Motor penggerak utama resureksi ini adalah kerja keras sejarawan seperti Harry A. Poeze yang menyusun kembali mozaik kehidupan Tan. Di tingkat akar rumput, pengaruhnya meluas hingga ke Jawa Barat, di mana para pendidik tekun mengajarkan pemikiran Tan sebagai materi ajar non-formal. Eksplorasi ini melampaui romantisme politik; Madilog menjadi oase di tengah gempuran irasionalitas dan hoaks di era digital. Tan tidak lagi dipandang semata sebagai tokoh kiri, melainkan arsitek peradaban yang menginginkan masyarakat Nusantara memiliki mentalitas merdeka berbasis ilmu pengetahuan.

Visi Tan kini menemukan bentuk operasionalnya melalui sekelompok anak muda yang menamakan diri Malaka Project. Mengusung tema besar “Menuju Masyarakat Baru”, mereka berupaya melunasi utang sejarah kepada Tan Malaka. Jika dulu Tan bergerak melalui sel rahasia, gerakan ini bergerak melalui ruang digital untuk melawan kolonialisme bentuk baru: kebodohan terstruktur dan kemiskinan nalar kritis.

Inti dari transformasi ini adalah mengadopsi semangat Madilog ke dalam konteks kekinian melalui institusi pendidikan alternatif dan platform diskursus. Mereka memahami bahwa kedaulatan “Merdeka 100%” tidak akan tercapai selama rakyat masih terbelenggu oleh kemiskinan cara berpikir. Investasi terbesar gerakan ini bukanlah pada infrastruktur fisik, melainkan pada pembangunan kapasitas otak manusia Indonesia.

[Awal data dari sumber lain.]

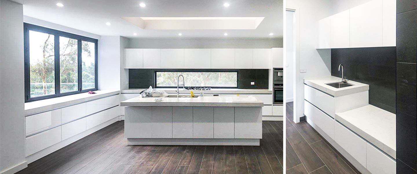 This kitchen is a very modern design, the cabinets are painted white, the hidden handles make the cabinets look neat and the kitchen looks very bright and spacious after installation.

BACA JUGA : Comeback Marquez

Meski menggembirakan, tantangan terbesar untuk menghapus kabut logika mistika adalah perjalanan evolusi Homo Sapiens yang sejak lama cenderung menggunakan nalar emosional ketimbang rasional. Secara konkret, Ferry Irwandi, salah satu pendiri Malaka Project, bahkan menantang praktik santet dengan imbalan mobil mewah untuk membuktikan ketiadaan kekuatan supranatural tersebut. Meski tak ada yang berhasil membuktikannya, kepercayaan masyarakat terhadap hal mistis tetap tinggi. Fenomena serupa juga dilakukan oleh figur seperti Pesulap Merah yang membongkar modus penipuan berkedok mistik.

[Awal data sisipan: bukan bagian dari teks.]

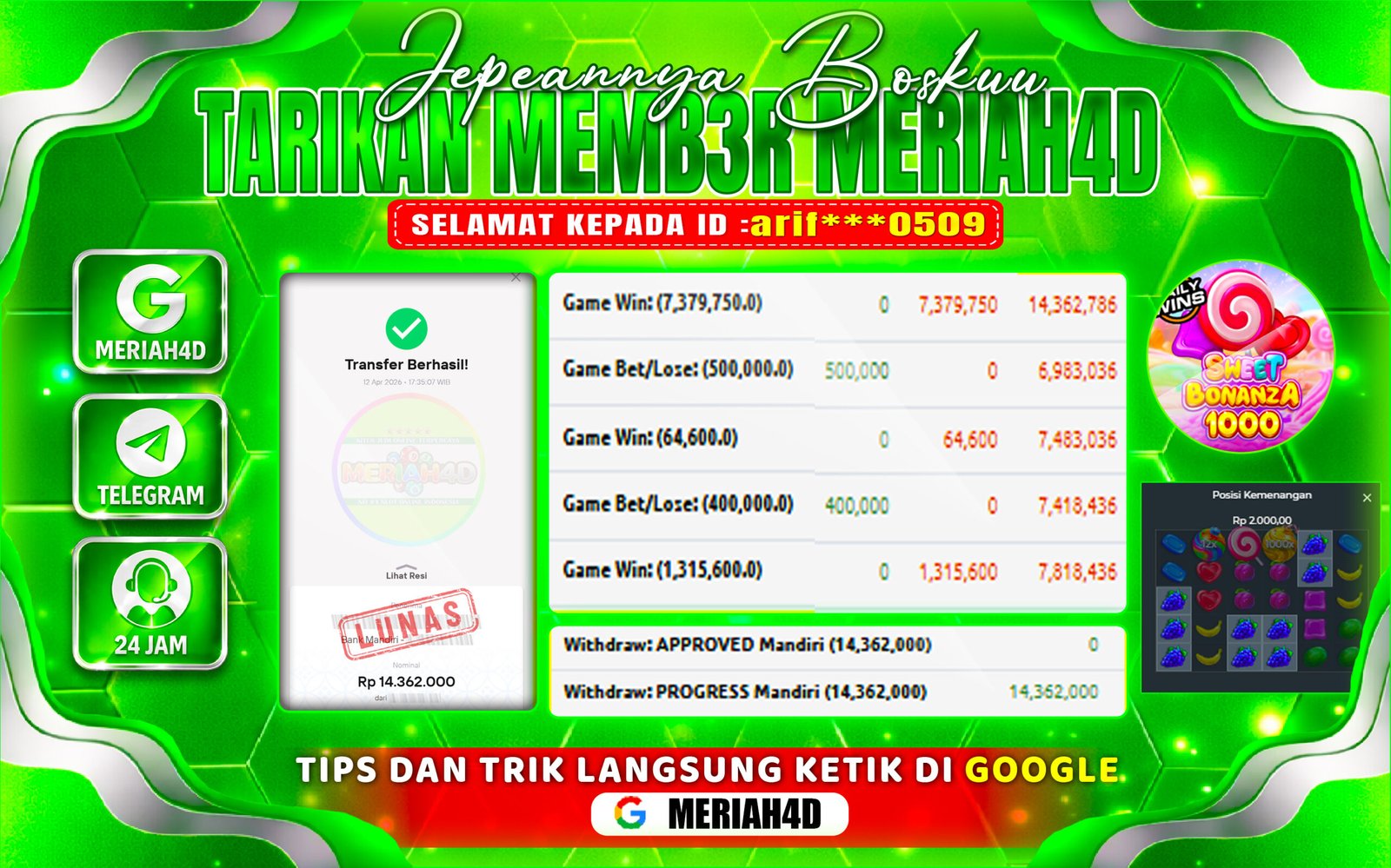 Selamat Kepada ID : arif****0509 Atas Withdraw Rp. 14.362.000 Juta Hari ini. Ditunggu Withdraw Selanjutnya dan ajak juga teman temannya bergabung di Meriah4d

Pada akhirnya, kebangkitan pemikiran Tan Malaka adalah pembuktian bahwa peluru bisa membunuh orangnya, tetapi tidak bisa membunuh gagasannya. Tan Malaka kini telah benar-benar pulang, menetap bukan di makam yang megah, melainkan di dalam nalar kritis generasi muda. Perjuangan untuk menghilangkan logika mistika memang masih panjang, namun perjalanan menuju “Masyarakat Baru” yang rasional telah dimulai.